The Two Sides Of Arsonist Paul Keller
EVERETT - As a young man, Paul Kenneth Keller volunteered through his church, visiting elderly shut-ins and comforting their families when they became ill or died.
As an adult, the same man pried off a window screen at a Seattle retirement home with 100 residents and set a $12,000 fire by holding a lighter to the empty bed of an 82-year-old resident.
These are the two sides of Paul Keller a Snohomish County judge will be asked to assess tomorrow. The sentencing of the confessed serial arsonist is expected to last two to three days.
County prosecutors say Keller is a terrorist who set at least 77 fires in four counties, indiscriminately burning down homes, churches and businesses in the worst serial-arson case in state history. They are asking for a 75-year prison sentence.
Keller's defense attorney, Royce Ferguson, is asking Judge Kathryn Trumbull to look into Keller's past to explain the crimes. He calls Keller a misunderstood man whose psychological problems, unleashed by alcohol and drug abuse, caused an upper middle-class professional to snap and destroy himself.
Keller's father, George, who turned his son in to investigators, now is organizing the drive to portray Paul Keller in a sympathetic light.
He mailed numerous letters to Keller's friends, family and clients, asking them to write to Trumbull and to a local newspaper to talk about their experience with Keller. Ferguson said the idea was to offset letters written by victims.
Access to Keller by the media has been controlled by Ferguson. He has allowed only two interviews, one with a free-lance producer who later sold hours of videotape to a Seattle television station and another with a local newspaper.
Keller won't do any more interviews because he doesn't want to appear to be "delighting in the limelight," Ferguson said.
With the focus on telling Keller's story, what's been lost is the impact of the fires on dozens of victims, some of whom are expected to speak tomorrow, prosecutors say.
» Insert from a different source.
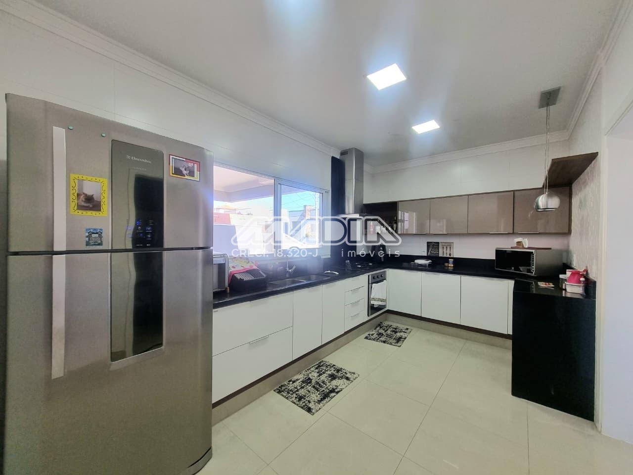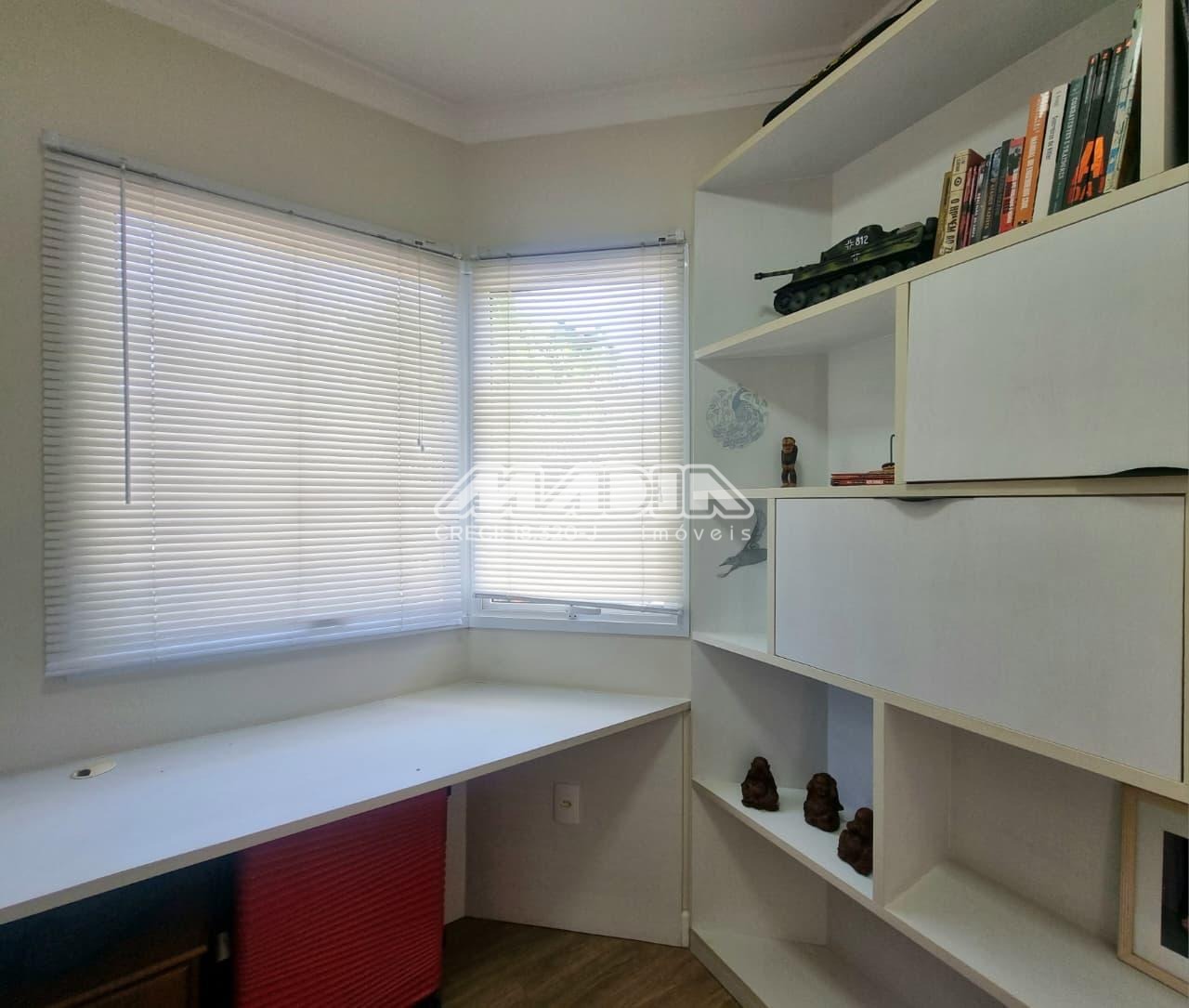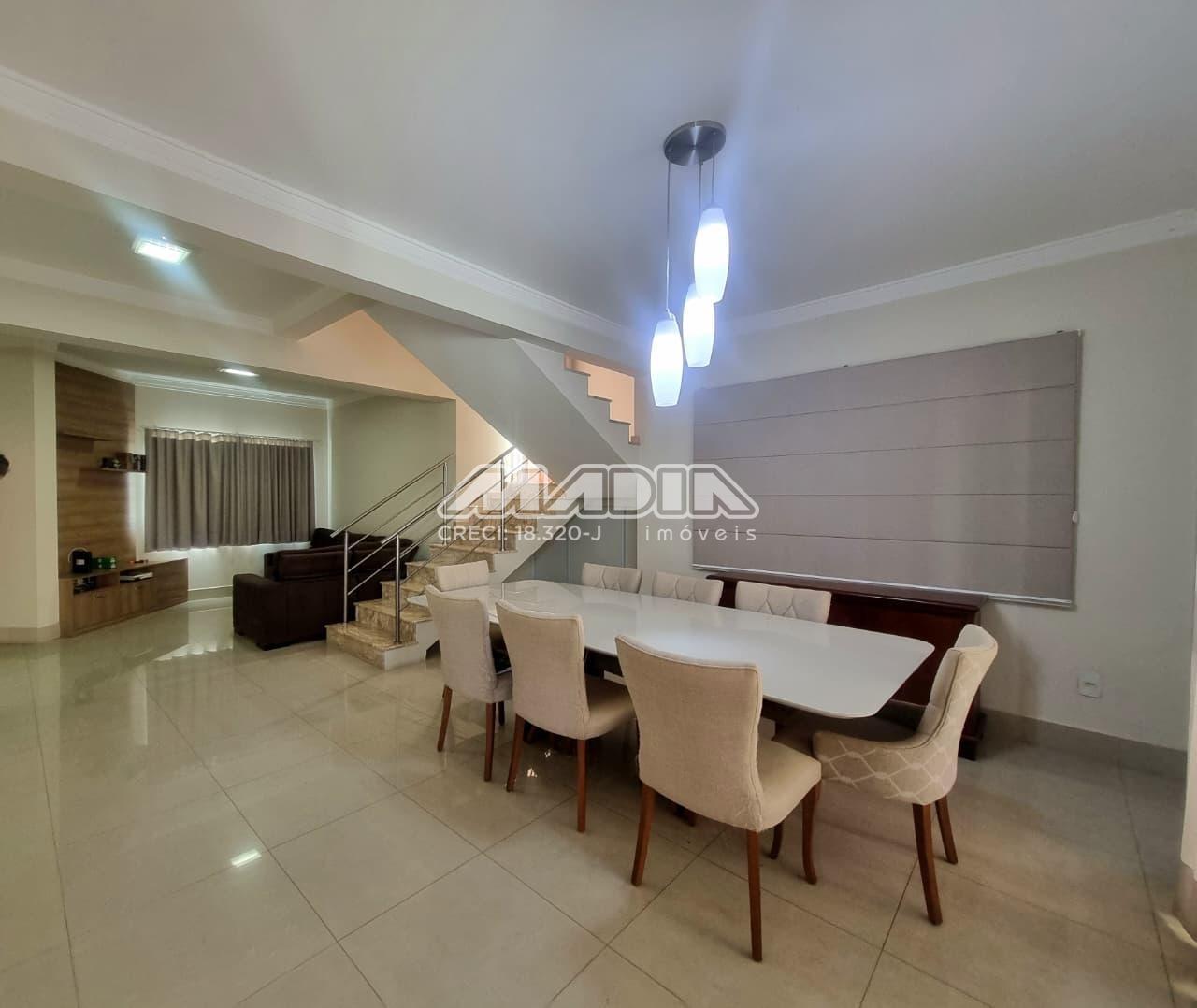 Casa de 266,54m², 4 dormitórios com varanda e armários planejados, sendo 2 suítes, 1 banheiro social,1 lavabo, escritório, sala de estar com sofá, sala de jantar com mesa, área de serviço com armários, 2 garagens cobertas, aceita pet.

"When somebody's house burns down and every single possession they had is gone, then to say it was only property does a real disservice to the victims," said Ellen Fair, one of two senior deputy prosecutors handling the case in Snohomish County.
"When we look at the videotapes (of Keller's confession), we don't see anything like remorse. At the very least he seems completely unfazed by it all," Fair said. "I think he's sorry he got caught."
But Ferguson said Keller "is not the Ted Bundy of arsons. He is not a sociopath."
Rather, Keller's life was marked by a series of traumatic episodes - from an untied umbilical cord at birth that nearly cost him his life to undiagnosed Attention Deficit Disorder - that Ferguson argues led to his later criminal activity.
Under the stress of bankruptcy and a failed marriage, Keller "disintegrated," Ferguson said.
Dr. Gary Grenell, a clinical psychologist who examined Keller, labeled him a pyromaniac. "Fire endowed the weak child, Paul Keller, with power," he wrote.
Keller told Grenell he did not enjoy setting the fires. "When I knew I had done them, I was sad, not excited. No joy. Just confusion or remorse. I thought, `There goes somebody's business.' "
Keller said in some cases he stayed behind to watch firefighters put out the fires because he was "interested in the methodology" of extinguishing them.
Keller said he was drunk and sometimes on drugs before setting each fire.
Fair said she questions whether alcohol or drugs played as much of a role as Keller claims. After his arrest, she said, he took investigators to many of the fire scenes, recalling in clear detail how and when he set each fire.
Another question Judge Trumbull will consider is whether Keller's condition is treatable. While prosecutors say he is too dangerous to be allowed back into society, Ferguson said a psychiatrist who examined Keller will testify during sentencing he could be successfully treated.
But the prison system can't accommodate Keller's treatment needs, Ferguson said. He called the prosecutors' 75-year sentence recommendation unrealistic, saying he will ask for a shorter prison sentence followed by some form of mandated treatment.
"The question is whether he is an evil sociopath who should be put in (prison) forever or whether we should try to redeem him."